Еве казалось, что с каждым годом опадали с жизни какие-то новые покровы и наконец мир предстал перед ней таким, каким она не ожидала его увидеть… И это новое знание не приносило радости.
«Надо с ним поговорить, – думала Ева. – Не надо громоздить все это в себе, надо просто поговорить с ним обо всем и выяснить…»
Что она хочет выяснить, как заговорить с Денисом об их отношениях – этого она себе не представляла. Была суббота, Ева ехала домой в метро, на улице было пасмурно, а за стеклами вагона темно.
«Ну конечно, темно, мы же в туннеле едем», – проплывали в голове глупые и никчемные мысли.
Ева смотрела на яркий плакат с рекламой какого-то лекарства, налепленный прямо на дверь поверх облезлой надписи «Не прислоняться», – и не понимала, что же там написано такими пестрыми буквами.
«Я просто поеду к нему завтра, и все, – вдруг подумала она. – В конце концов, могу же я хоть раз прийти к нему без предупреждения и без приглашения, я же никогда этого не делала… Ни разу за все эти годы! Я просто приду к нему и скажу… Что я скажу? Да просто возьму и скажу: Денис, давай поговорим, давай как-то решим… Давай решим, как мы будем жить дальше!»
Но, думая так, пытаясь выстроить цепочку своих слов, Ева ловила себя на том, что старается не представлять его ответов…
Она удивилась, что родители дома – кажется, они собирались поехать в выходные на дачу. В бревенчатом домике в Кратове была маленькая печка-голландка, и папа всегда протапливал так, что можно было не бояться ночного холода.
– А вы что, дома? – спросила Ева, заглядывая в гостиную. – Почему на дачу не поехали?
Гостиная уже перестала служить родителям одновременно и спальней, как это было раньше, когда Юра жил с ними. Теперь им вполне хватало трех комнат: в одной – Ева с Полинкой, в другой – мама с папой, а третья общая. В этой общей гостиной она и увидела отца.

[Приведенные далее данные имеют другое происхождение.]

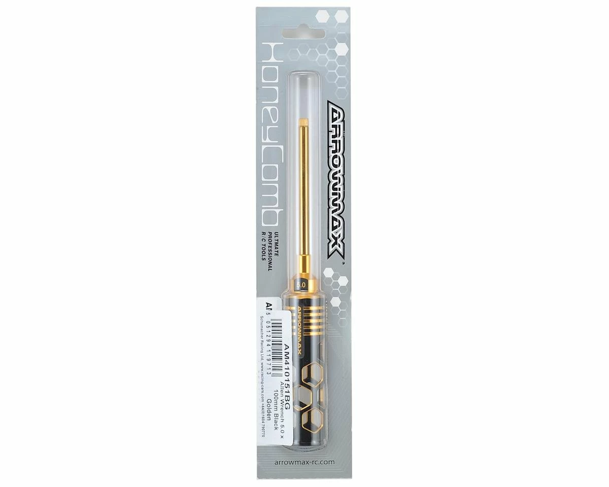 This is the Arrowmax Limited Edition Metric 5mm Allen Wrench. This tool features an eye-catching hollow honeycomb handle design with a rich black and gold color finish. Spring steel titanium nitride tips and a bottom cover provide a more comfortable, controllable and lighter feeling.

Заглянув туда из прихожей, Ева с удивлением заметила, что перед папой стоит хрустальный графинчик с водкой и высокая серебряная рюмка. Ей очень нравился этот графинчик – старинный, с алмазными гранями и притертой пробкой, доставшийся бабушке Эмилии от каких-то доисторических предков. Его и Полинка любила рисовать, у них даже висел в комнате ее натюрморт с этим графином, синей вазой и разбросанными по скатерти грецкими орехами.
Водка в графине и была ореховой – настоянной на ореховых перегородках по армянскому рецепту, который папа узнал от Соны. Он тогда восторгался, говорил, что водка получается чудо какая мягкая и пьется легко. А Ева хоть и не могла по достоинству оценить водку, но радовалась папиной радости, которую он выражал не часто, но с какой-то до сих пор молодой непосредственностью.
И вот он сидел один за большим овальным столом с резными ножками, пил ореховую водку, и лицо у него было мрачное.
– Папа, случилось что-нибудь? – спросила Ева, присаживаясь на соседний стул. – А мама где?
– К тете Гетте поехала, – ответил он. – Скоро должна вернуться.
Тетя Генриэтта была двоюродной сестрой бабушки Эмилии. Она была такая старая, что Ева и не помнила ее молодой. Но еще помнила ее на сцене Малого театра – правда, тоже в ролях старух, всегда в каких-нибудь кружевах и чепцах и с величественным выражением на морщинистом лице. Тетя Гетта никогда не была замужем и давно уже жила в Доме ветеранов сцены, где Гриневы навещали ее.
– В Кратово на электричке поедете? – осторожно поинтересовалась Ева: ясно было, что за руль папа уже не сядет.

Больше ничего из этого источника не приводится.